What the task requires: Print exactly the lines below between the line containing "Bệnh viện Đa" and the line containing "Nehme die Ofen", counting both of those lines. Leave pictures out.

Task inputs:
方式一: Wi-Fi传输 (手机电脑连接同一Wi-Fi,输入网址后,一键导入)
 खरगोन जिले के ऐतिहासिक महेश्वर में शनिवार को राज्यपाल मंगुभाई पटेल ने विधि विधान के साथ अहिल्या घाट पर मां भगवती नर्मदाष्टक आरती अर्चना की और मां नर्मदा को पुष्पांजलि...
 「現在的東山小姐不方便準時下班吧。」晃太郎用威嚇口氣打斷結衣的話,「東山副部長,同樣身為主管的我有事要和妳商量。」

==

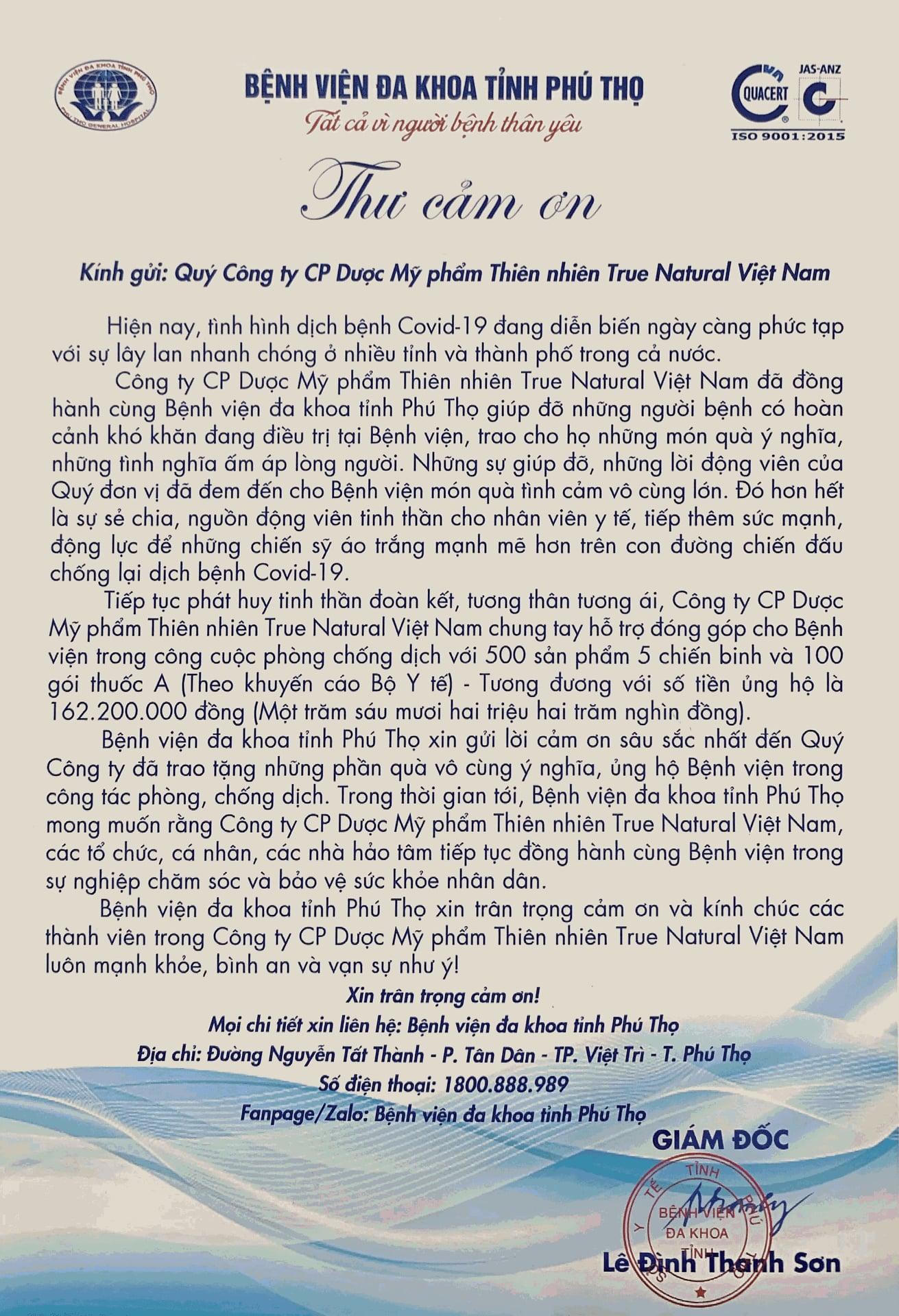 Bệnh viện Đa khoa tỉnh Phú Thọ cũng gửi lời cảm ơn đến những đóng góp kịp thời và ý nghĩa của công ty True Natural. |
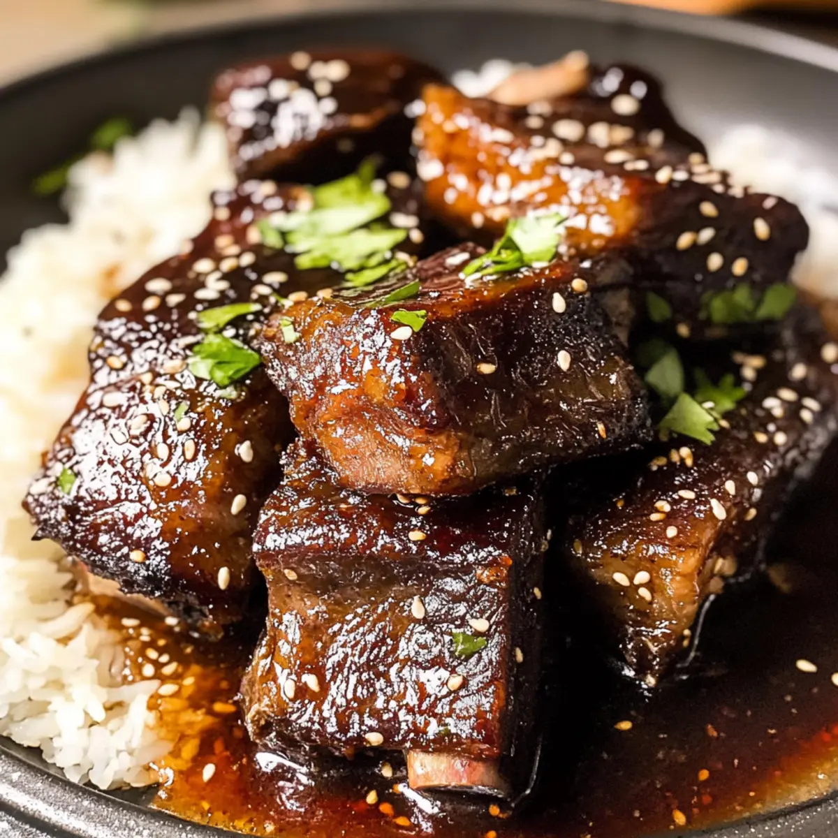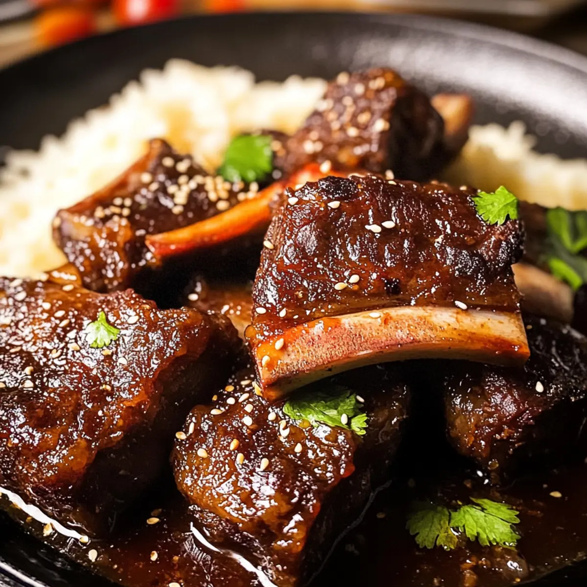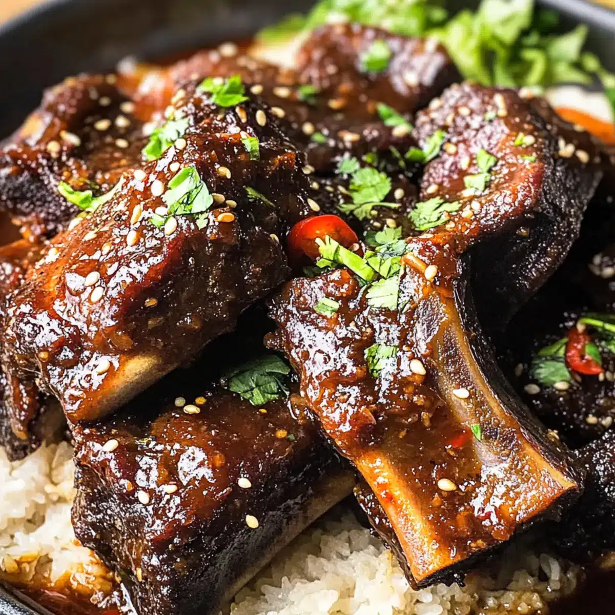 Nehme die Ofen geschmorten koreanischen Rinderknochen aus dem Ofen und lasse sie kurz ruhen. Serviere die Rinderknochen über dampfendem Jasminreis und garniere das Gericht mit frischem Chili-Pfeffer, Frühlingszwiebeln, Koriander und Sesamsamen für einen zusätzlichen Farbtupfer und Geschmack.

---

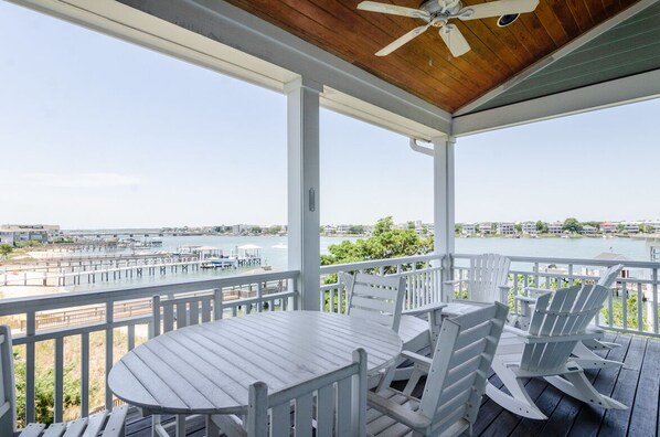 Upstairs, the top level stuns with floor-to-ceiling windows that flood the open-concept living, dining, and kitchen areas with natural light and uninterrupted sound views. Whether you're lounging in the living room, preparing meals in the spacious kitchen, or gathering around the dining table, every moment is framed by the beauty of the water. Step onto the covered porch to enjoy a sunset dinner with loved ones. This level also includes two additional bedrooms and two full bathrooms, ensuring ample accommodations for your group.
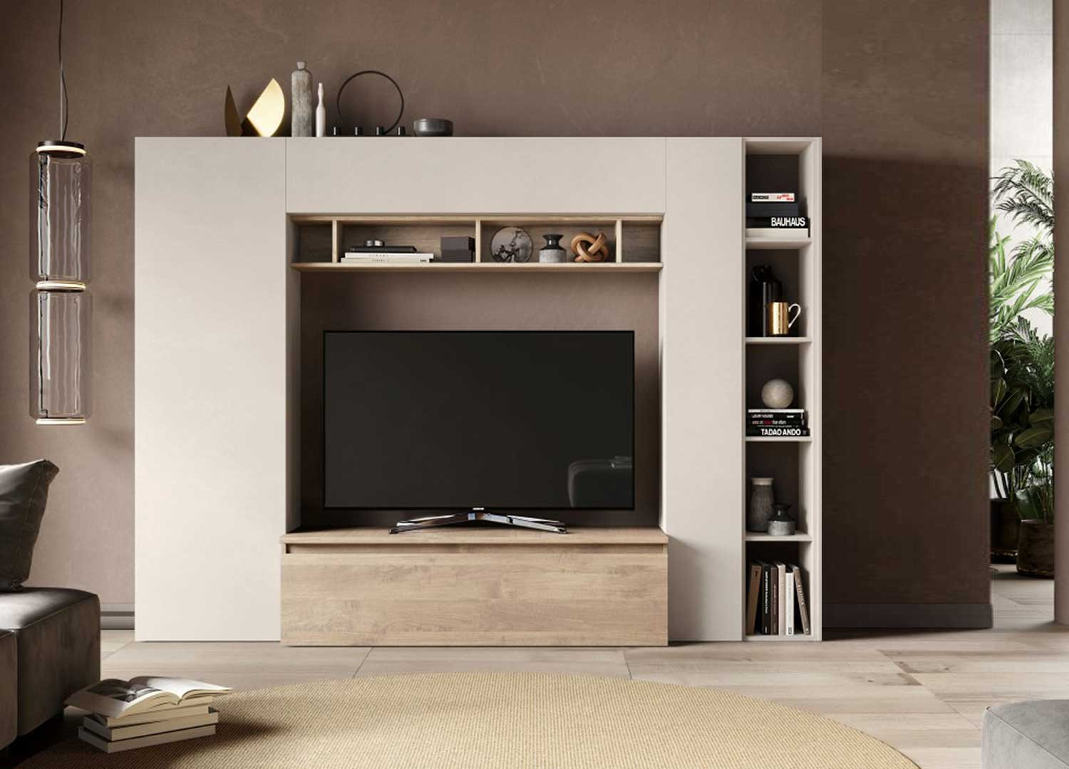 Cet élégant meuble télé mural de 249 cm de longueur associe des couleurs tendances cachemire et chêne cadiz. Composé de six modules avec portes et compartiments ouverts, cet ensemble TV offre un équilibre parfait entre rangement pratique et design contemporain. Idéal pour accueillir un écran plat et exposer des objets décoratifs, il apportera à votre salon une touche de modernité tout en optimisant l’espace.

Answer section:
 Bệnh viện Đa khoa tỉnh Phú Thọ cũng gửi lời cảm ơn đến những đóng góp kịp thời và ý nghĩa của công ty True Natural. |
 Nehme die Ofen geschmorten koreanischen Rinderknochen aus dem Ofen und lasse sie kurz ruhen. Serviere die Rinderknochen über dampfendem Jasminreis und garniere das Gericht mit frischem Chili-Pfeffer, Frühlingszwiebeln, Koriander und Sesamsamen für einen zusätzlichen Farbtupfer und Geschmack.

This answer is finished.